Я сосредоточился и старался его не слушать, хотя самому было тошно.
- Мне жарко, очень жарко, я спокоен, у меня ничего не болит, - говорил я сам себе. И вспоминал свои изнурительные тренировки по каратэ. Тренера Фарита, который нас учил и говорил нам:
- Вы должны в процессе тренировки закалять свой дух и тело в огне собственной воли! - и гонял нас до седьмого пота, заставляя нас кричать: Ос! Ос! Ос!
- Сука, как холодно! - неожиданно для самого себя выругался я.
Я уже не чувствовал своих ног. Они просто прогибались как вата, и совсем не было сил сопротивляться течению. Мы стояли и ждали своей очереди выхода на тёплый песчаный заминированный берег, но очередь двигалась очень медленно. И я слышал, как сзади, ругались уже другие замёршие солдаты.
Душманы, видимо, увидели наши передвижения и стали стрелять по нам одиночными выстрелами из ДШКа. Пули скальпелем срезали верхушки растущего виноградника и впивались в скалы и воду. Но выстрелы были теперь только пугающими, пули нас не задевали.
- Странно, даже хлопков от выстрелов не слышно, только свист пуль. Видимо, душманский пулемёт далеко находится, - подумал я.
Вот и берег. Мы по одному вылезали на четвереньках, пролезая под растяжкой, которая возле песчаного берега спускалась вниз, так что только ползком можно было пролезть под ней. Я с большой радостью встал на корточки, и так сильно почувствовал тёплое дыхание прогретого берега. Осторожно проползая под леской, остановился и предупредил следующего за мной солдата о растяжке, затем пополз вперёд, волоча за собой мокрый и тяжёлый рюкзак.

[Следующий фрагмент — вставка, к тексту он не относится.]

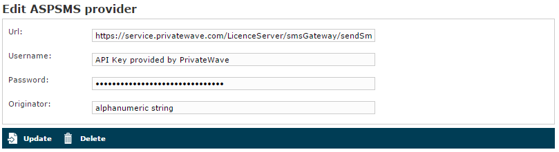 - URI: https://service.privatewave.com/LicenceServer/smsGateway/sendSms
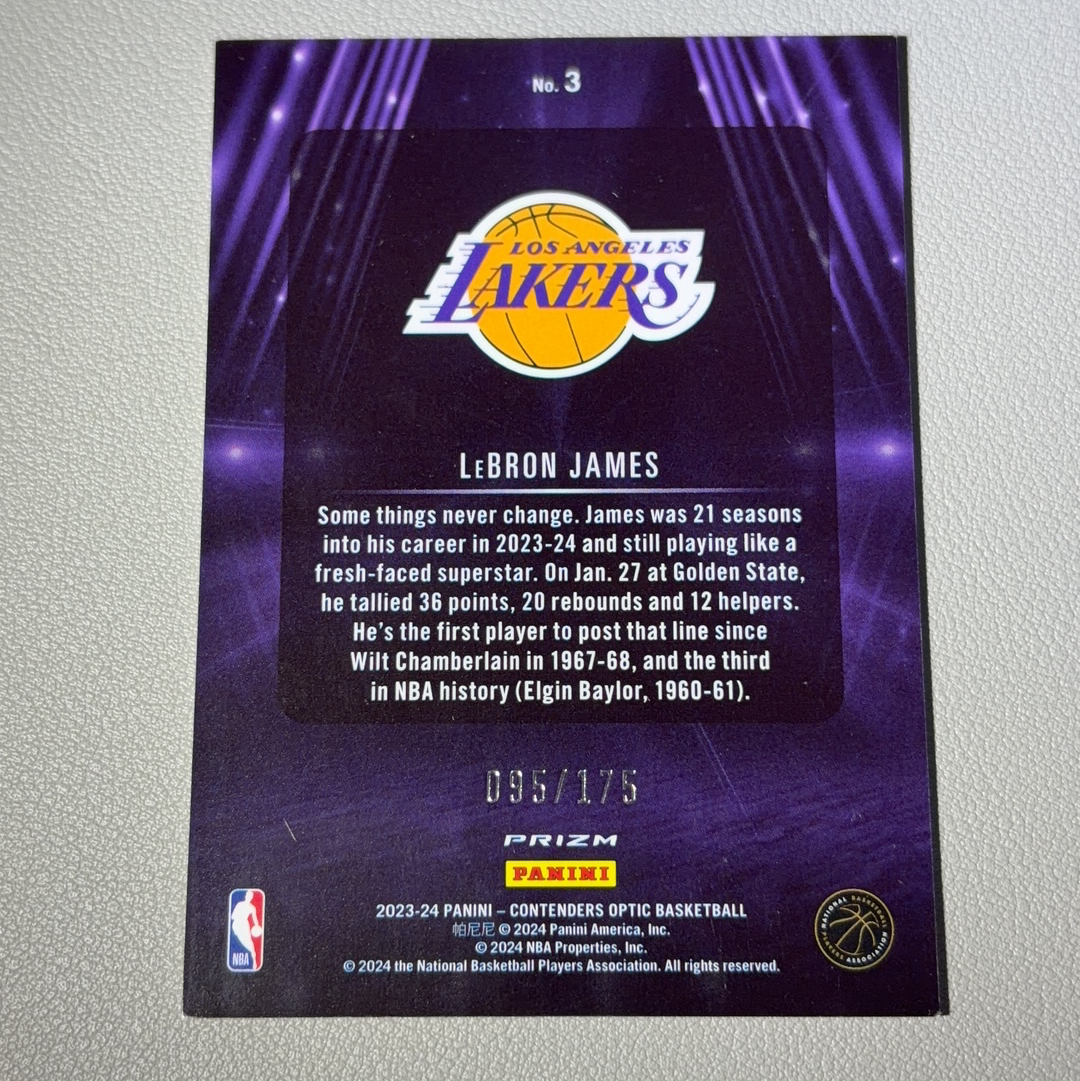 2023-24 Panini Contenders Optic LeBron James 湖人 勒布朗 詹姆斯 VIPS 通道 球票 base 红碎冰折 折射 175编 会员 实卡精美 收藏必备 专收

- Вот мы и перешли речку! Наконец на другой стороне ущелья! - кричала моя душа.
Впереди идущие солдаты предупреждали идущих за ними, что бы шли шаг в шаг. Весь вход в ущелье в минах и фугасах. Один за одним вылезали из воды мокрые солдаты, и перебежками двигались к подножию горы. Они проходили через разбитый кишлак и группами передвигались от дома к дому, от дерева к дереву. Было тихо пока, душманы себя не выявляли.
Душманская тактика была и не во всех случаях одинаково предсказуемая. Духи часто уходили в глубь ущелья, не принимая бой, оставляя за собой мины, фугасы
.Наши слдаты подтягивались и рассредоточивались, проходя через песчаный и очень тёплый берег.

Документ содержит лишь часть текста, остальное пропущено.